У бабушки не находилось добрых слов для Уильяма Фрэнсиса Дина, а мама неизменно начинала (и по большей части заканчивала) его характеристику словами «очень красивый» и «ужас до чего бесшабашный».
Но нет, это еще не все. Как-то я спросил, почему они разошлись, а мама объяснила, что застала отца, когда он целовался с кем-то другим. «Я увидела, как он кое с кем целуется», — только и сказала она, так бесстрастно, будто суфлировала актеру, забывшему слова. Мне оставалось лишь заключить, что случилось это, когда она носила меня — может, даже когда я уже родился, — и разглядеть она успела достаточно, чтобы понять, что поцелуй отнюдь не дружеский.
«Видать, они целовались по-французски — это когда язык суют в рот», — как-то раз доверительно сообщила мне бестактная двоюродная сестра — дочь той самой чванливой тети, о которой я уже не раз упоминал. Но с кем же целовался мой отец? Не с одной ли из тех вашингтонских конторщиц, что стекались по выходным в Атлантик-Сити? — гадал я. (Иначе зачем дедушка вообще мне о них рассказывал?)
Вот и все, что я знал об отце; прямо скажем, не много. Однако и этого с лихвой хватило, чтобы я начал относиться к себе с подозрением — и даже с неприязнью, — поскольку приобрел склонность приписывать все свои недостатки наследию моего биологического отца. Я винил его в каждой своей дурной привычке, в каждом грязном секрете; короче говоря, я был уверен, что все мои пороки перешли мне по наследству от него. Если что-то в собственном характере вызывало во мне сомнение или страх, я без колебаний приписывал эту черту сержанту Дину.
И впрямь, разве мама не предрекала, что я стану красивым? Чем не проклятие? Что до бесшабашности — то разве я не вообразил (это в тринадцать-то лет), что смогу стать писателем? Разве не представлял, как занимаюсь сексом с мисс Фрост?

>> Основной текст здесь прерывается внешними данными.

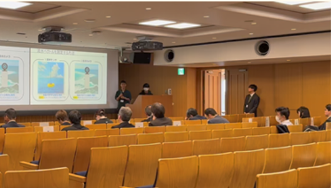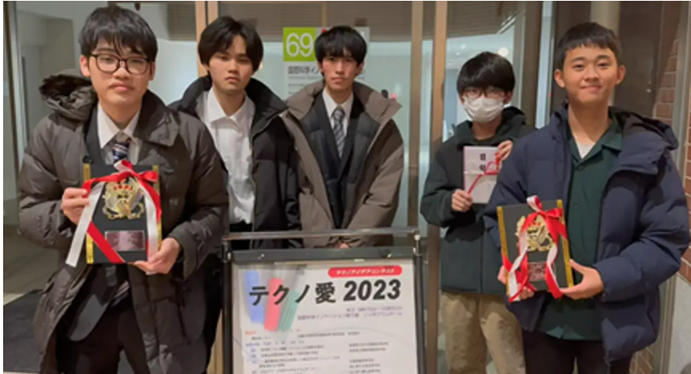 私たちは、テクノ愛2023という京都大学で開かれる、技術コンテストに出場した。本コンテストの応募件数は200近くあった中、私たちは、本選の9チームに選抜され参加させていただいた。私たちの発表した研究内容は、離岸流の予測を安価に、そして高精度で行う革新的なシステム開発である。本研究は今年7月から同じクラス(学科)の友達と取り組みをスタートした。テクノ愛2023では、本研究の途中経過について発表を行った。具体的な進捗として、システムを構成するセンサの開発・実験による測定精度向上の工夫や、画像処理による海の流れの可視化、そして離岸流の発生をビーチ利用客に伝えるためのアプリケーション開発の進捗について発表を行った。離岸流という沖縄だけでなく世界的な問題を解決しようとする姿勢や、その解決法について審査員からはお褒めの言葉をいただき私たちはグランプリ(優勝と同等)を獲得することができた。また、他校参加者とも様々な会話を楽しみ、私たちの分野外でどのような技術研究をしているのかを学ぶことができた。特に、食料廃棄されるものを燃料としたロケット開発を行う高校生との会話ではとても感心した。本コンテストを通じて私たちの取り組んでいる研究内容が改めて社会が必要を感じていること、また他校との交流から異分野との融合の可能性について深く考えさせられ、今後の研究ではそれらを視野に入れ行っていこうと決意させられた。

Поверьте, я не хотел быть отпрыском своего сбежавшего папаши, порождением его набора генов — я не собирался оставлять за собой толпы брошенных беременных девушек. Ведь таков был modus operandi сержанта Дина, разве нет? И имя его я тоже не хотел носить. Я ненавидел свое имя: Уильям Фрэнсис Дин-младший, сын связиста, без пяти минут незаконнорожденный! Если и был когда-то на свете ребенок, который мечтал бы об отчиме и жаждал, чтобы его мать завела хотя бы постоянного ухажера, так это был я.
И тут мы приходим к тому, с чего я когда-то полагал начать эту главу: я мог бы начать ее с Ричарда Эббота. Именно он задал направление моей судьбе; ведь, не влюбись моя мать в Ричарда, я мог бы никогда и не встретить мисс Фрост.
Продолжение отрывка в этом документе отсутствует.